On Tue, 25 Mar 2025 17:54:42 +0000, Dan Cross wrote:
In article <0343529d63f68c76b5e0d227ef6e39dd@www.novabbs.org>,
MitchAlsup1 <mitchalsup@aol.com> wrote:
--------------------------
>
Say you have a critical section (of your description) that was
preceded by an if-statement that was predicted to enter CS, but
1,000 cycles later the branch is resolved to not enter the CS.

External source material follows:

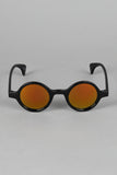 These sunglasses feature horn rim style frame, round mirrored lenses, and single nose bridge.

{{Branch was dependent on an MMI/O location down the PCIe tree
which is why it took so long to resolve.}}
>
HW Backs the core up so that the RF and all memory locations
contain their original values at the point of the mispredicted
branch.
>
Can thread running on core even tell if you entered CS or not !
>
No, your thread cannot.
>
Again, how is that relevant? The branch predictor can only
handle speculative execution of so-many instructions.
Around 300 at present.
Know of any critical sections that long?
Attempts
to perform more instructions than that will stall the pipeline.
Obviously.
A critical section as defined by software may contain more than
that number of instructions.
Sure, its possible.
But if DECODE cannot push the entire critical section into the
execution window, then BY DEFINITION, it MUST be able to make
the entire critical section appear as if you never started on
it !!!
IP gets backed up as if you never entered CS
RF gets backed up as if you never entered CS
LOCK variable never got written to SNOOPable cache where others can see
it
Cache memory gets put back in the "you never got here" states too.
Thus, it is like it never happened:: both to the core and to all
interested 3rd parties.
Nobody saw the Lock variable change value.
And
Nobody saw any STs from the CS change anything in memory.

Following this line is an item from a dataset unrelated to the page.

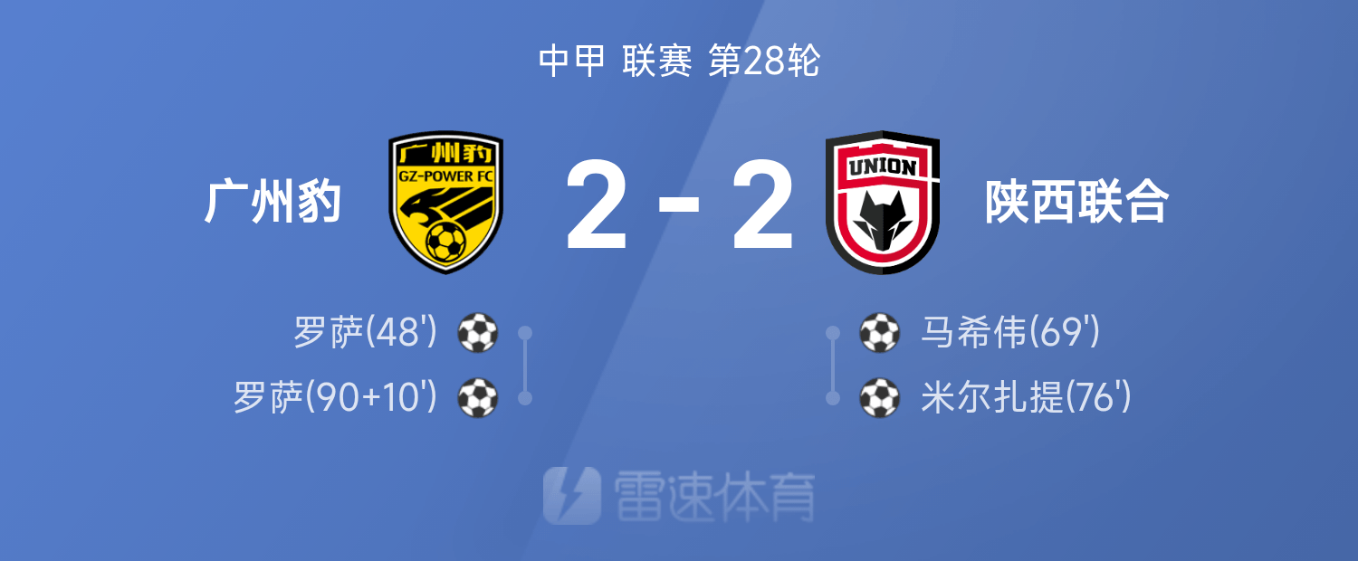Rapport du match de China League One : Rosa a marqué deux fois + un nul, les Guangzhou Leopards ont fait match nul 2-2 avec Shaanxi United

Thus, it is as if CS never happened, it was all speculative, and
got put-right when CS was not allowed to finish.
BUT-----------------------------
Code running in CS does believe the the LOCK variable was updated
AND that STs from CS have been performed by the exit of CS
------------------------------------------------------------
You see SW sees the nonNeumann model. 1 instruction is Fetched
and executed in its entirely before proceeding to the next inst-
ruction. You see individual instructions--as if single stepping.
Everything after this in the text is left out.